There’s a growing number of writers out there in etherland who are wandering around without their brains. I rarely say this because I’m a writer myself and would hate to be accused of leaving my cerebral cortex in my other purse. However, given the recent rash of odd submissions, I can only deduce that the glue had peeled back from many a head and allowed brains to go begging on the sidewalk.
Submitting or querying is fairly straightforward. It doesn’t require an advanced degree or special dispensation from the Pope. All one need do is go to the agent or publisher of their choice and determine if they produce or represent the kind of work you write. If they do, the next step is to review their guidelines. Carefully. What could be easier, right?
In the past month, I’ve received five CD’s. Do these people really believe that I’m going to d/load anything unsolicited to my harddrive?? Oh, one came in a very pretty envelope and promised me that I was seeing the very best of American literature. Really?
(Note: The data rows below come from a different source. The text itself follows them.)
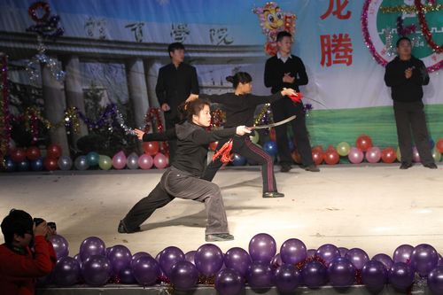喜庆洋洋的舞狮表演拉开了晚会的序幕。在武术系主任马文国发表了热情洋溢的新年贺词后,节目演出正式开始。
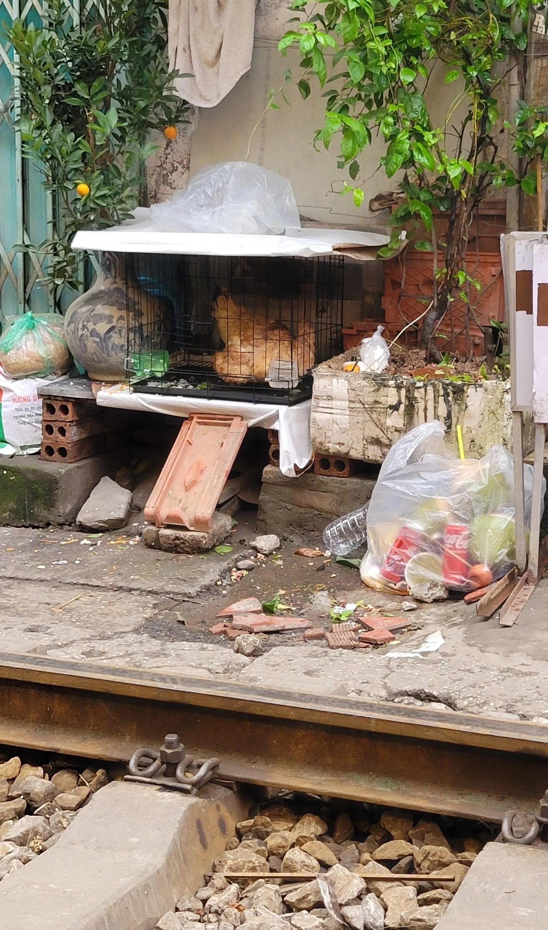 What is also uniquie about this, these little shops and restaurants are people’s homes. So it is not uncommon to see things you would see in a neighborhood. Look closely and you will see the family chicken in the cage, just three feet from the tracks. It was wild!!
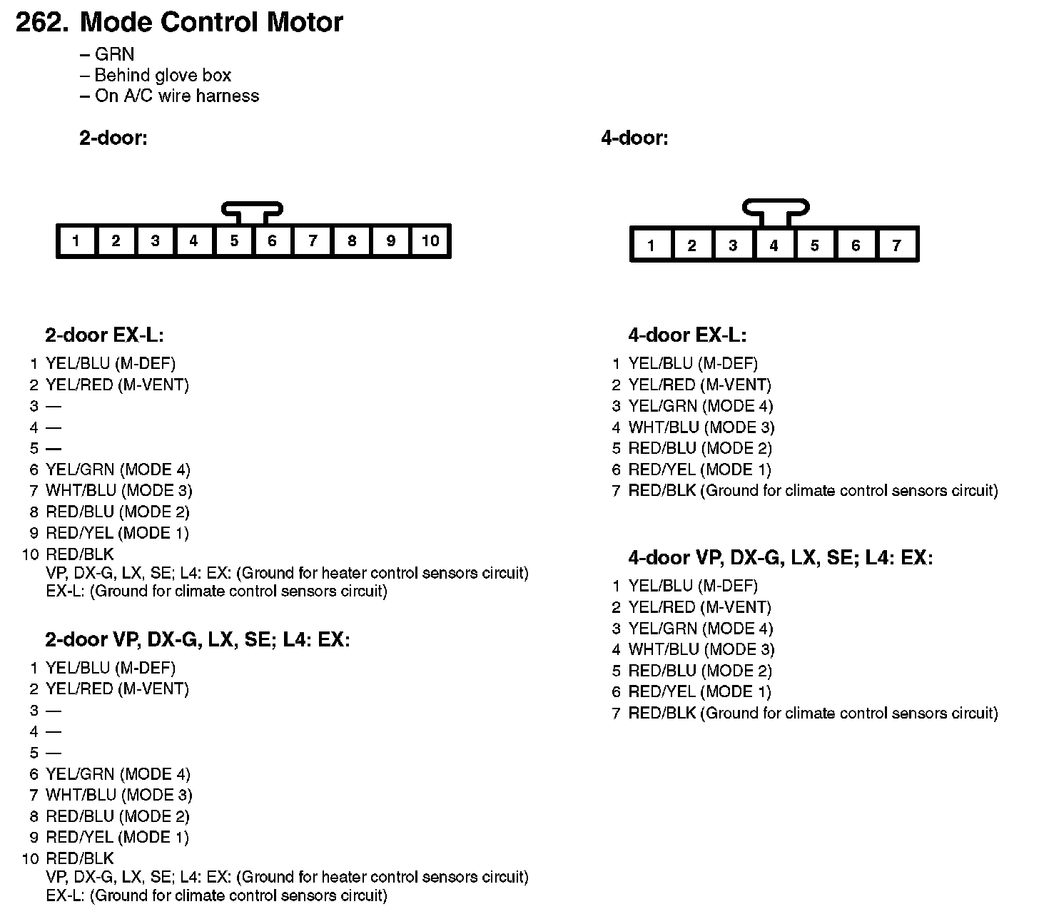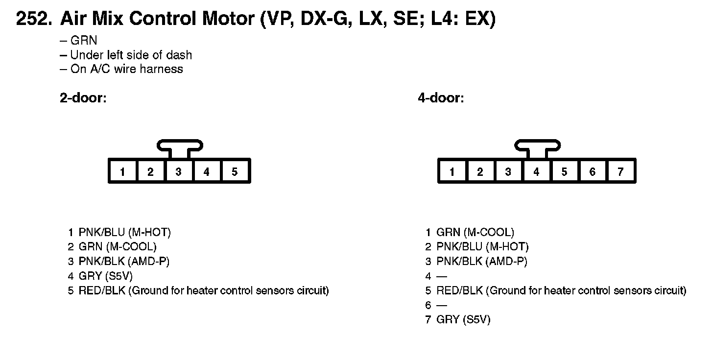 252. Air Mix Control Motor (VP, DX-G, LX, SE; L4: EX):
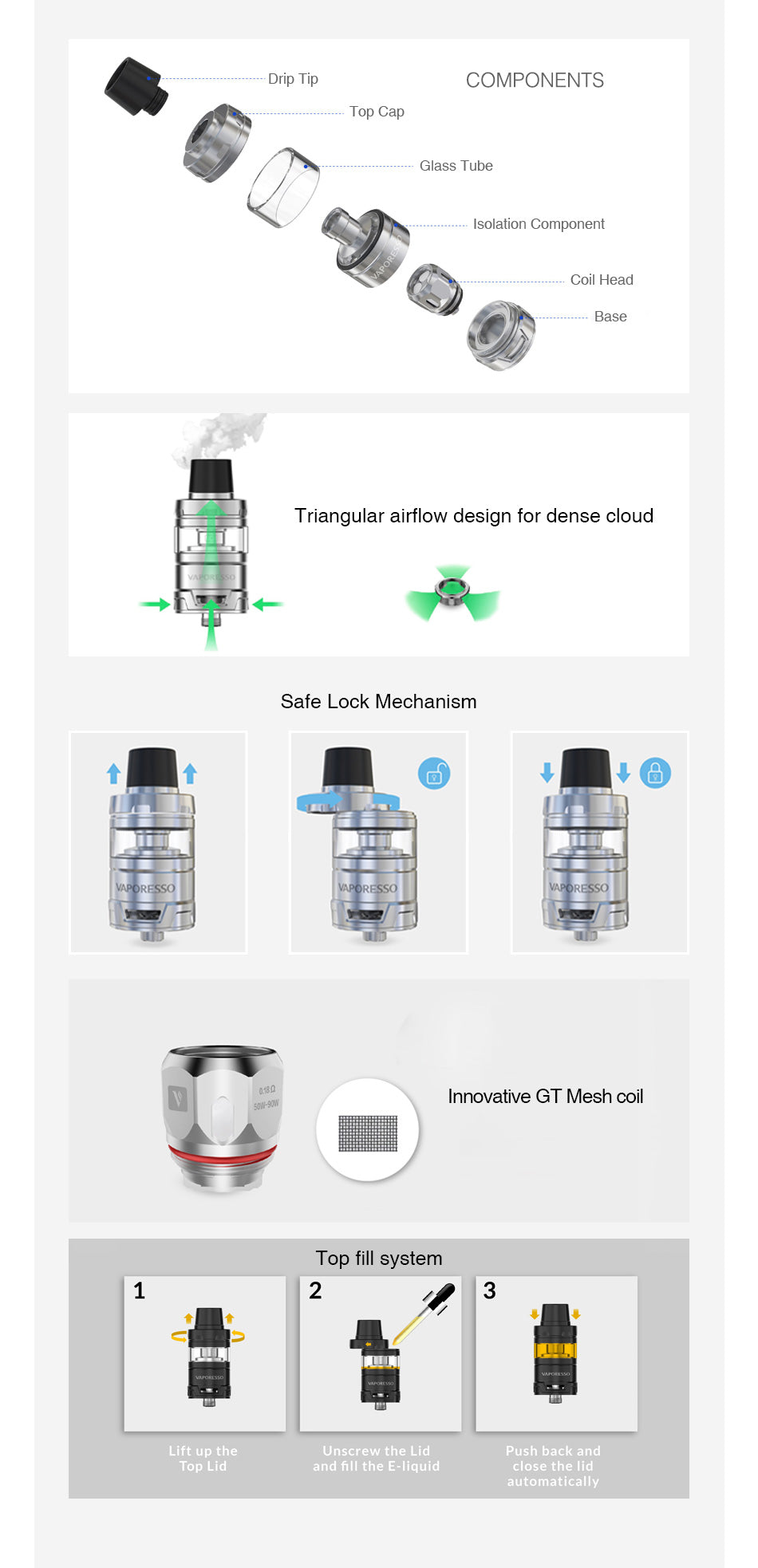 L'atomizzatore Sub Ohm Vaporesso Cascade Baby / Mini è il nuovo membro della famiglia Cascade. L'esclusiva struttura di isolamento è adattata per ridurre il potenziale colpo secco, e la separazione della camera della bobina e del succo allunga la durata della bobina, permettendo sapori consistenti e intensi ad ogni boccata. L'atomizzatore Cascade Baby / Mini è compatibile con i core GT, la cui innovativa tecnologia consente di produrre nuvole più dense e sapori più puri con un wattaggio inferiore. Grazie al design triangolare del flusso d'aria, l'atomizzatore Cascade Baby / Mini ti offre un vapore morbido, e il meccanismo di blocco di sicurezza del top cap evita efficacemente perdite.

Well, not if it’s on a C-freaking-D. All went directly into the trash.
I received a submission that was filled with a slew of photos and also promised that I was getting the next thriller that will turn America on its ear. Wow. Really cool. Except we don’t pub thrillers. Like an idiot, I wrote this guy back – something I rarely do – to tell him that rather than including all the hoo ha pictures and sensational drivel, he might consider including a synopsis. My jaw dropped in my lap when he called the office to inform me that I’d hurt his feelings. I suggested that perhaps he was pursuing the wrong hobby. Obviously he’s never seen a scathing PW review.
This month’s winner goes to the clever writer who told me that he’d written his first “autobiographical novel,” huh?, and had come to the conclusion that it was horrifically inept, “unequivocably” disastrous, and a magnanimous train wreck transcribed to paper, but that he hoped I would consider publishing it. He not only felt I should see this, but that fifteen other publishers should as well – as we were all listed in the address line. The added bonus was his P.S. which apologized for the mass email and oh, so, hoped he hadn’t broken any protocol. Nah, no worries, dude, I’d love nothing more than to publish someone’s horrifically inept train wreck of a manuscript. I may pull out my toenails with a rusty set of pliers just for kicks.
So, for Christmas, I’ve asked Santa to give fresh batches of glue sticks in hopes that this brave new world of writers puts them to good use. As for me, I’ve asked Santa to up my order for Jim Beam.